病院に向かう足は、今までで一番重かった。口をきけなくなった時よりも、会うなと言われた時よりも、ずっと重かった。今までは、自分が何とかしてやるという気持ちが心のどこかにあって、その気持ちが他のどんな不安にも勝った。なのに、今は、花が枯れないように祈るだけの心しか持っていない。
「一之瀬…」
いつものような明るい声が出なくて、口から落ちるように言葉が出た。
「上村君、今日も来てくれたんだ」
一之瀬はそれでも気付いてくれて、にっこりと笑ってくれた。昨日よりもずっと回復しているように見えた。
「ちゃんと来るって言ったからさ」
一之瀬の様子を見て、少し不安が和らいだ。
「でも、入ってくるとき、元気なかったよ?大丈夫?」
俺が心配されるようじゃダメだな。立場が逆転してしまってる。
「大丈夫だよ。何かあるかと言えば、昨日ここから川までチャリ全力でこいだから筋肉痛だってことくらい」
「あー…昨日は心配かけました…」
一之瀬は申し訳なさそうにうなだれた。でも、ちゃんと冗談を冗談と理解しているようだから、すっかり回復している。

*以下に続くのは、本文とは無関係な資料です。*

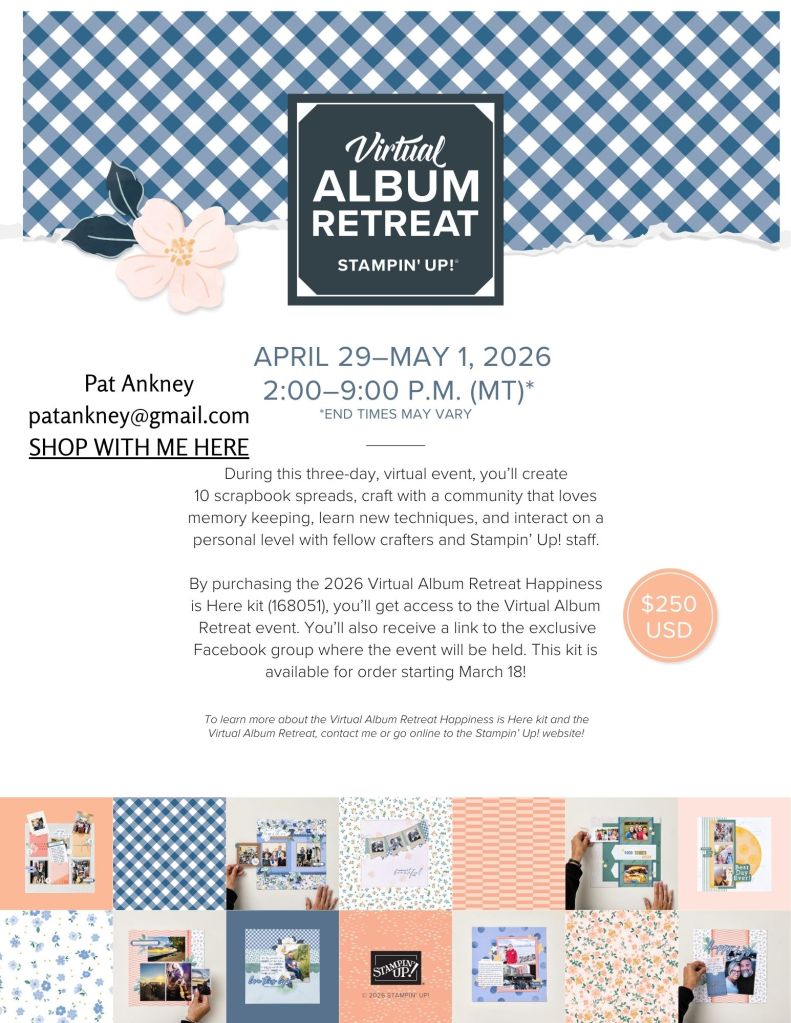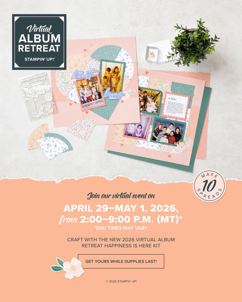 Join us this April for our Virtual Album Retreat, a three-day, virtual event where you’ll craft along with Stampin’ Up! staff as they go through the step-by-step process of creating a 10-spread scrapbook album using the 2026 Virtual Album Retreat Happiness is Here kit. This event is a great opportunity to find new customers and connect with friends who love to scrapbook!

「ともちゃん、心配してたよね。牧君にも見られちゃったし」
「真柴さんには大丈夫だって言っておいたよ。牧は、まぁ、こういうことには気がきくから心配ないかな」
「そっか。ありがとね」
「お礼言うほどのことじゃないよ」
「…じゃあ、ごめん」
「謝ることでもない」
俺がそう言うと、一之瀬は俯いて、首を強く横に振った。
「ううん…あたし、上村君に、ずっと謝らなきゃって、思ってた…言っとかなきゃいけないことが、いっぱいあるんだ…」
一之瀬の目は、急に焦りの色を示した。和らいでいた不安が、ざわざわと胸の中で揺れた。